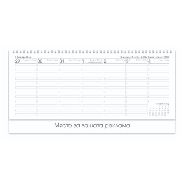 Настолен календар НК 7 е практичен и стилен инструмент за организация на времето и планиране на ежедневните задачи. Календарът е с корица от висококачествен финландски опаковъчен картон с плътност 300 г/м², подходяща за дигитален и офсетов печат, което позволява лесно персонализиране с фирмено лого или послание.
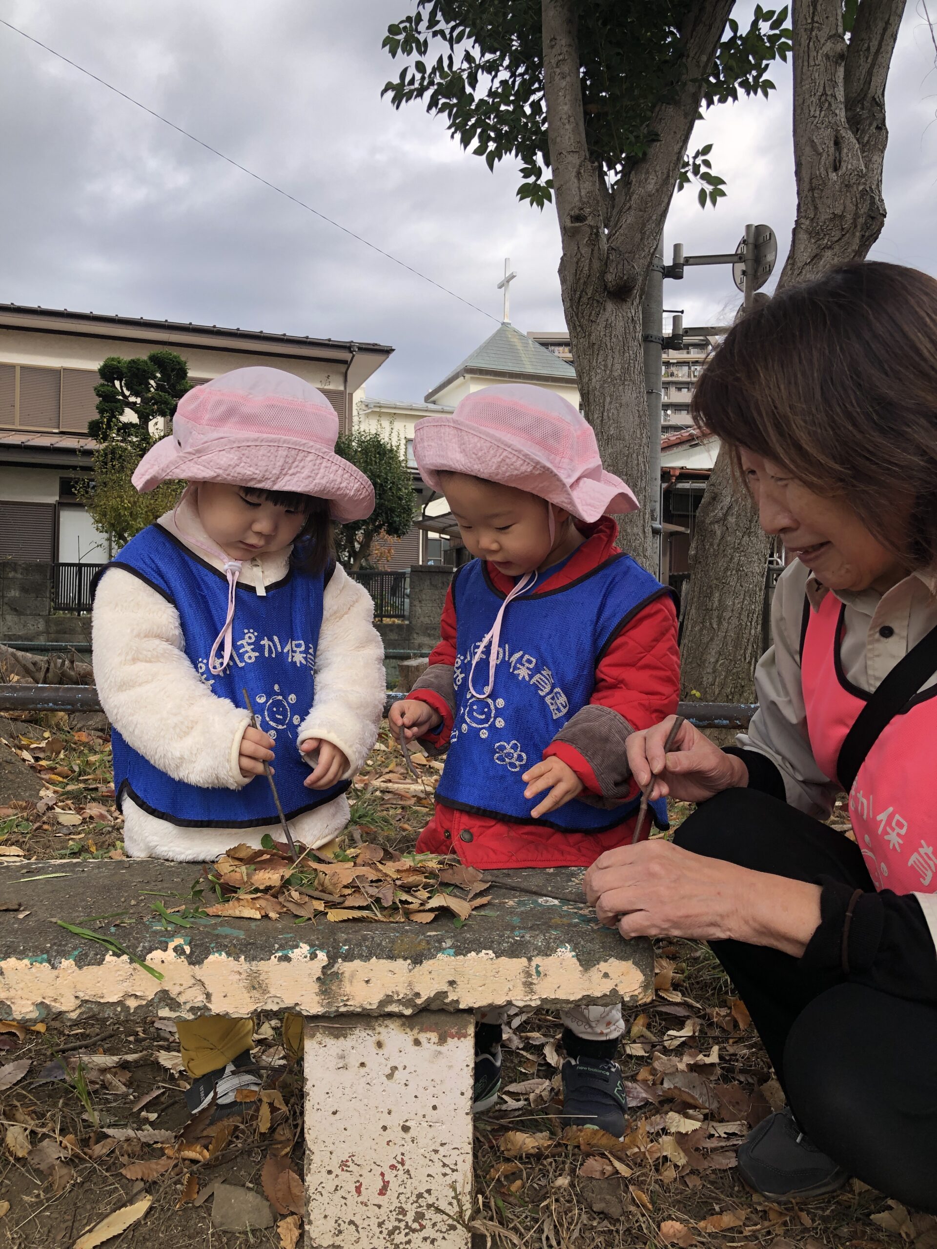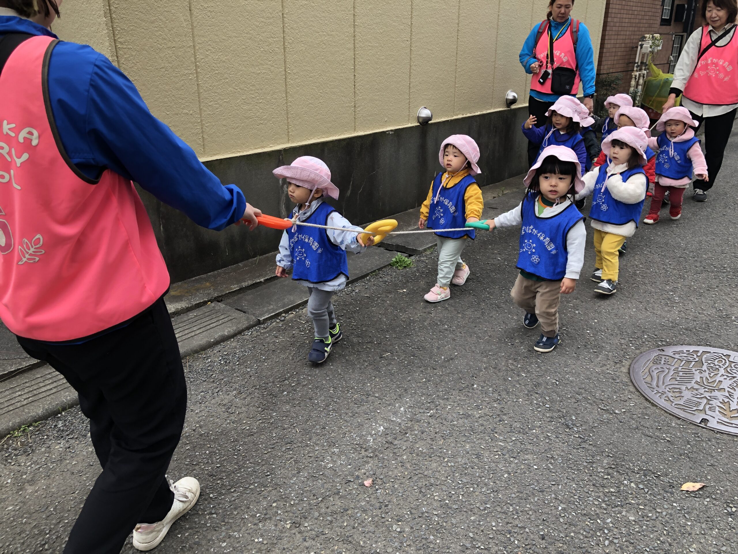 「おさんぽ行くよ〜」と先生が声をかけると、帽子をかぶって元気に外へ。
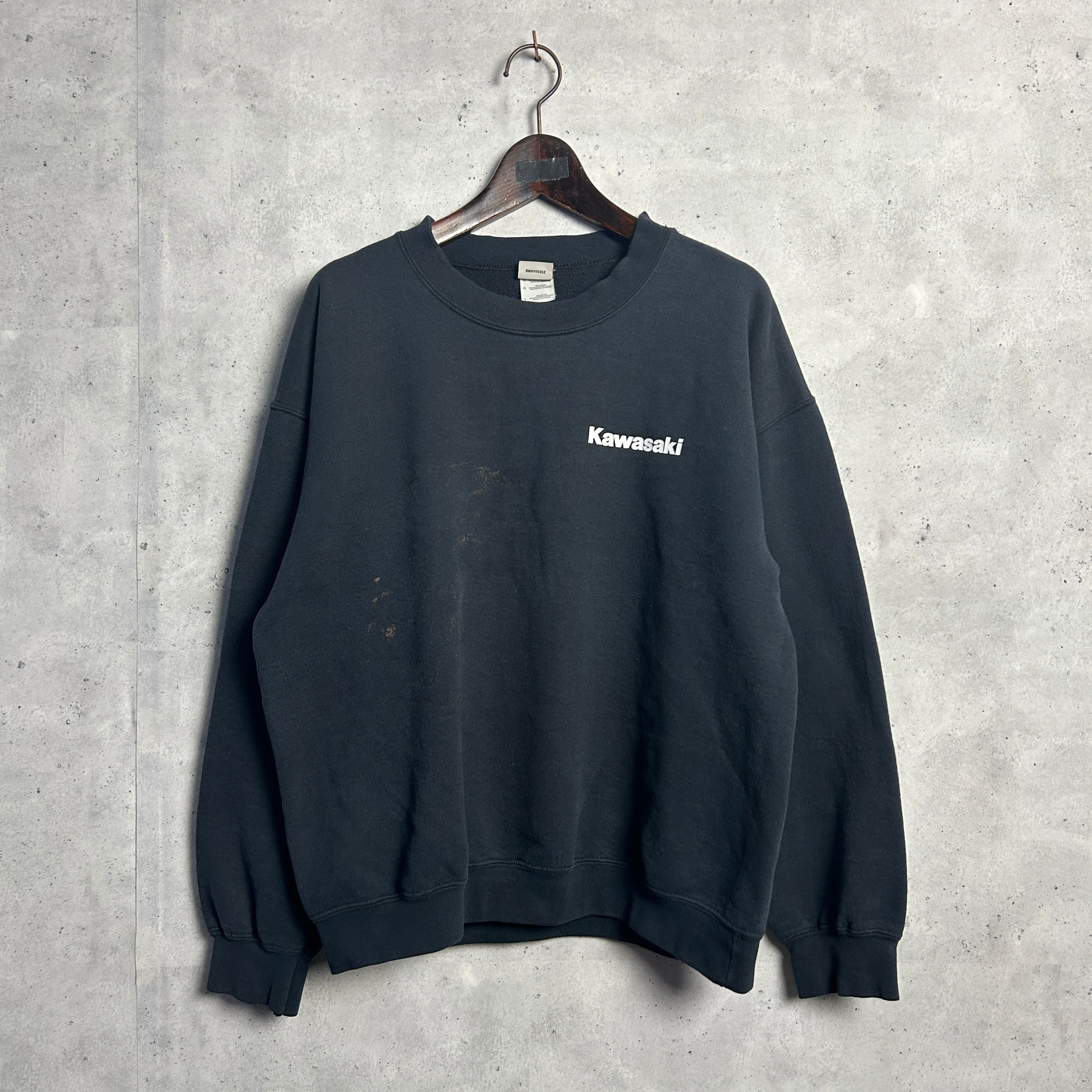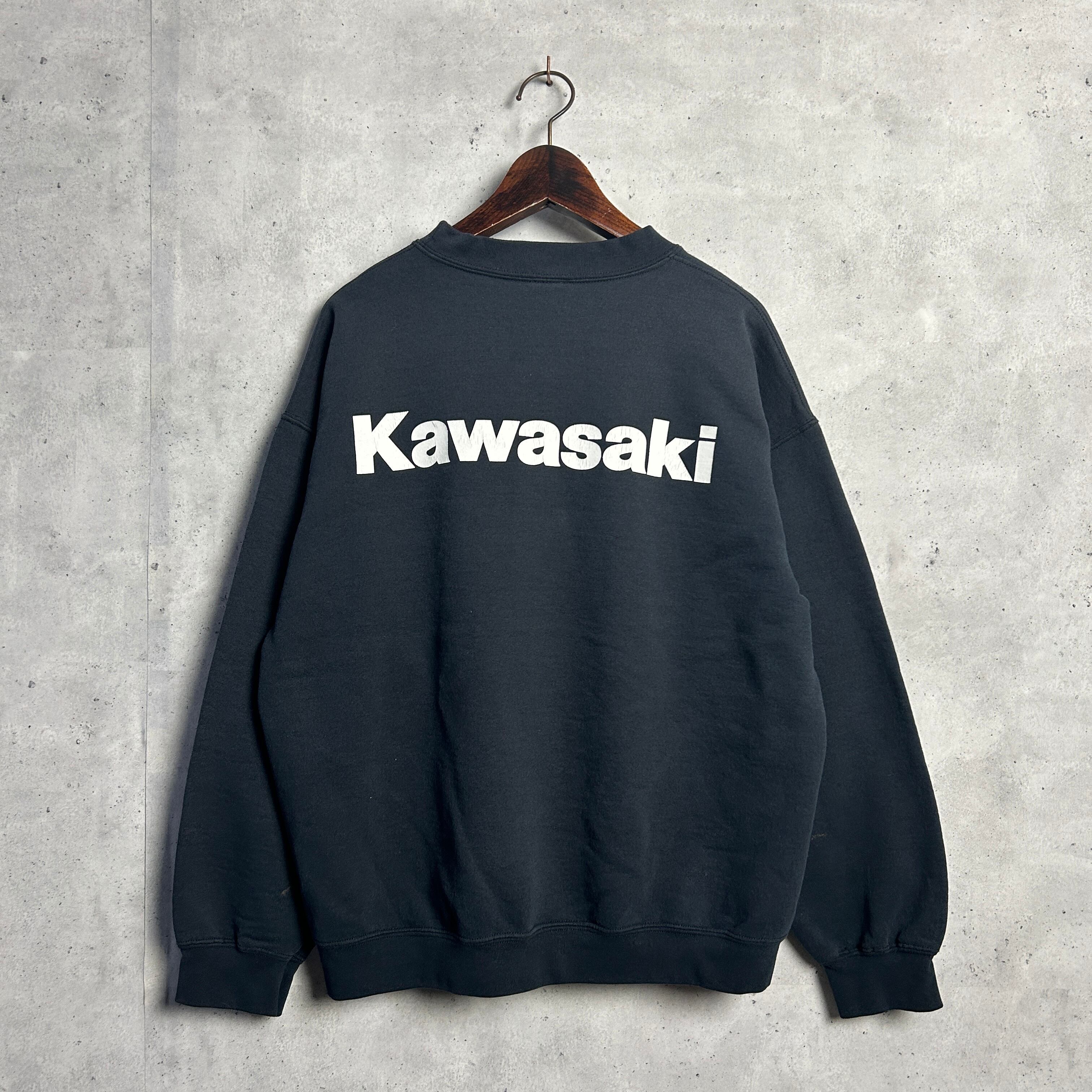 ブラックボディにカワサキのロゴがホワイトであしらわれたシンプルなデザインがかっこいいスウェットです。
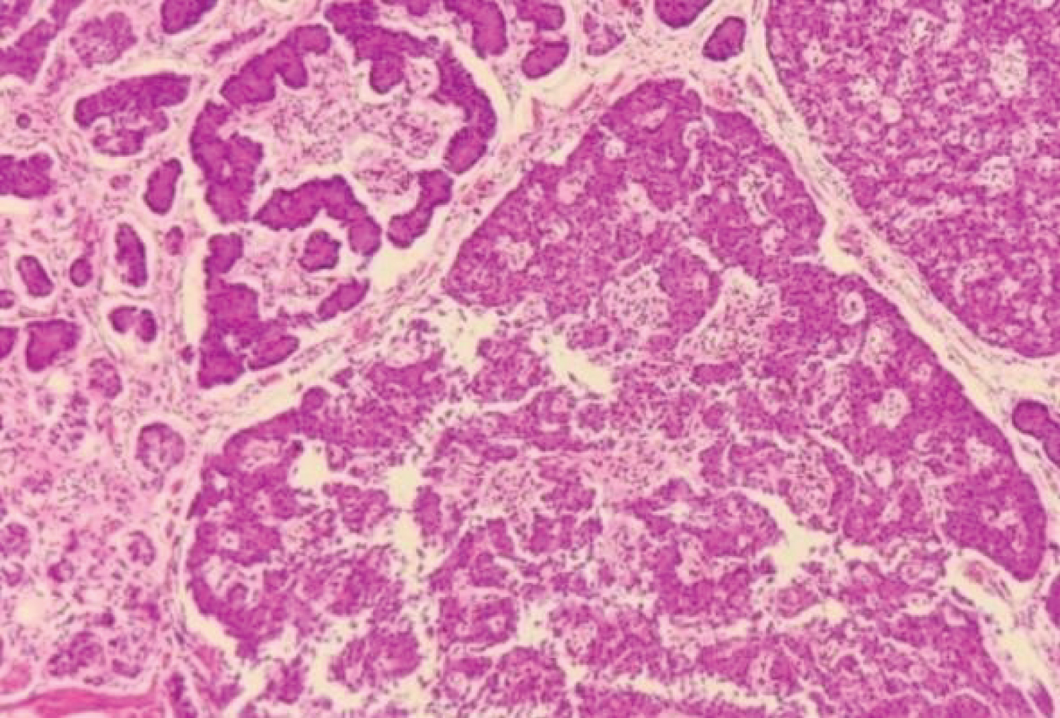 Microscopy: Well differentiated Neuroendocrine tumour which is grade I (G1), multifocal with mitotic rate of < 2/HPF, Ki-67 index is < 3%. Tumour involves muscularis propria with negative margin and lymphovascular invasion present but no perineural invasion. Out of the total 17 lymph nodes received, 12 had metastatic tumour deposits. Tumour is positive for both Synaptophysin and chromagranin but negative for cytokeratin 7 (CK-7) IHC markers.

◇ ◇ ◇

Please restate, word for word, the lines from the one with "ブラックボディにカワサキのロ" through the final line of the material, both included, and omit the pictures.

 ブラックボディにカワサキのロゴがホワイトであしらわれたシンプルなデザインがかっこいいスウェットです。
 Microscopy: Well differentiated Neuroendocrine tumour which is grade I (G1), multifocal with mitotic rate of < 2/HPF, Ki-67 index is < 3%. Tumour involves muscularis propria with negative margin and lymphovascular invasion present but no perineural invasion. Out of the total 17 lymph nodes received, 12 had metastatic tumour deposits. Tumour is positive for both Synaptophysin and chromagranin but negative for cytokeratin 7 (CK-7) IHC markers.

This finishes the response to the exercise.